(Stored data entries)
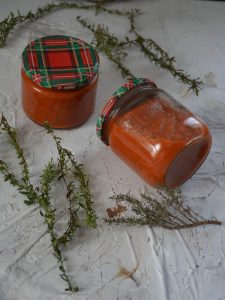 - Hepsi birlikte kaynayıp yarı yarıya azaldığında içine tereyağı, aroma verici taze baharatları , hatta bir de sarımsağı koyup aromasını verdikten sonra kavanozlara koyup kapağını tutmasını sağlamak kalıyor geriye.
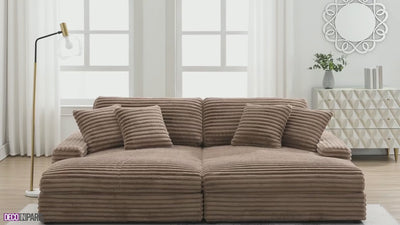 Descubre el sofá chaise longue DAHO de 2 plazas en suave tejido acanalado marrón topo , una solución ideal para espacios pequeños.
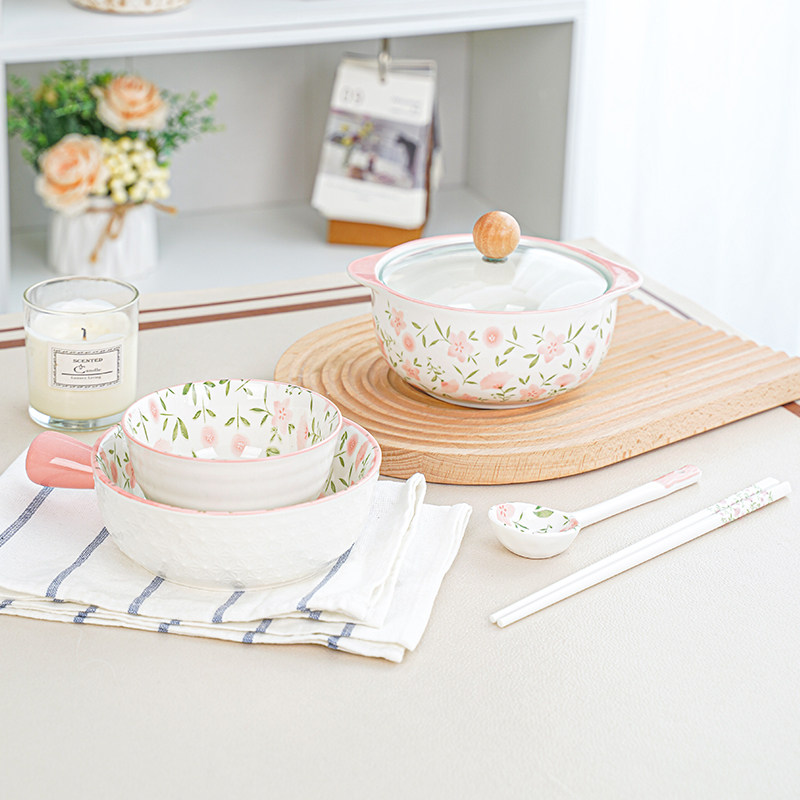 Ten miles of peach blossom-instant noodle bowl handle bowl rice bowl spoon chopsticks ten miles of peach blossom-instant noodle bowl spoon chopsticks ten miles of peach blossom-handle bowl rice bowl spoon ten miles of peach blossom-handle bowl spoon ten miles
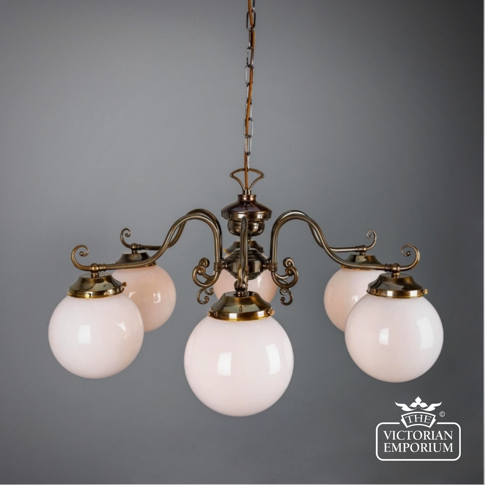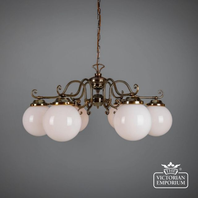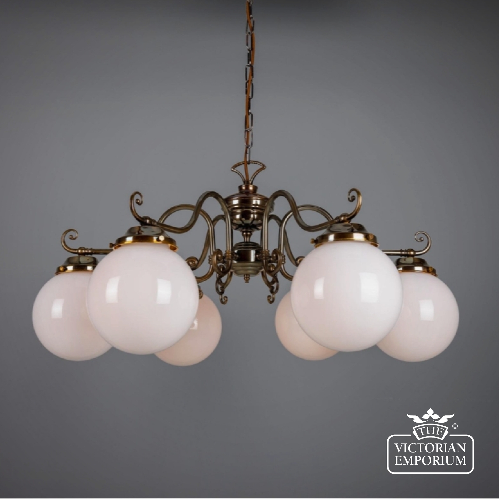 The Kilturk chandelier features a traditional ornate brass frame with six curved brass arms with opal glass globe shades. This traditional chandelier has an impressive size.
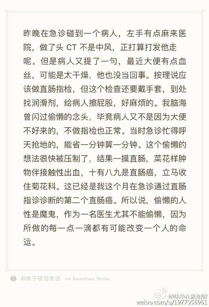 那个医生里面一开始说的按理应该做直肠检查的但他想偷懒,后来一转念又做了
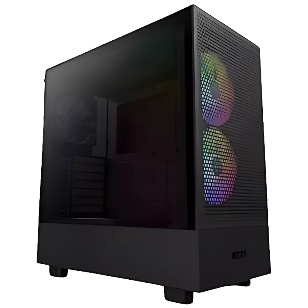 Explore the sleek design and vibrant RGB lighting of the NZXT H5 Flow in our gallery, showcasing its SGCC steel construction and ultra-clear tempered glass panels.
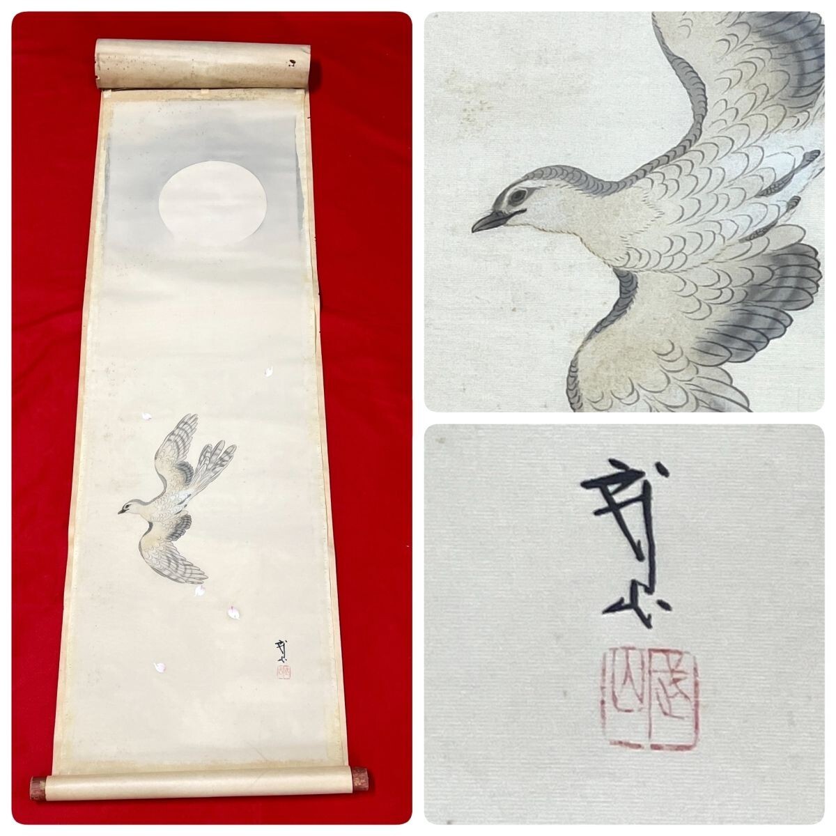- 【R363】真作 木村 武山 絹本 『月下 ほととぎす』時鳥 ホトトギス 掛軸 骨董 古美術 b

Exercise objective
Transcribe all lines above exactly, skipping pictures.

Written answer
 - Hepsi birlikte kaynayıp yarı yarıya azaldığında içine tereyağı, aroma verici taze baharatları , hatta bir de sarımsağı koyup aromasını verdikten sonra kavanozlara koyup kapağını tutmasını sağlamak kalıyor geriye.
 Descubre el sofá chaise longue DAHO de 2 plazas en suave tejido acanalado marrón topo , una solución ideal para espacios pequeños.
 Ten miles of peach blossom-instant noodle bowl handle bowl rice bowl spoon chopsticks ten miles of peach blossom-instant noodle bowl spoon chopsticks ten miles of peach blossom-handle bowl rice bowl spoon ten miles of peach blossom-handle bowl spoon ten miles
 The Kilturk chandelier features a traditional ornate brass frame with six curved brass arms with opal glass globe shades. This traditional chandelier has an impressive size.
 那个医生里面一开始说的按理应该做直肠检查的但他想偷懒,后来一转念又做了
 Explore the sleek design and vibrant RGB lighting of the NZXT H5 Flow in our gallery, showcasing its SGCC steel construction and ultra-clear tempered glass panels.
- 【R363】真作 木村 武山 絹本 『月下 ほととぎす』時鳥 ホトトギス 掛軸 骨董 古美術 b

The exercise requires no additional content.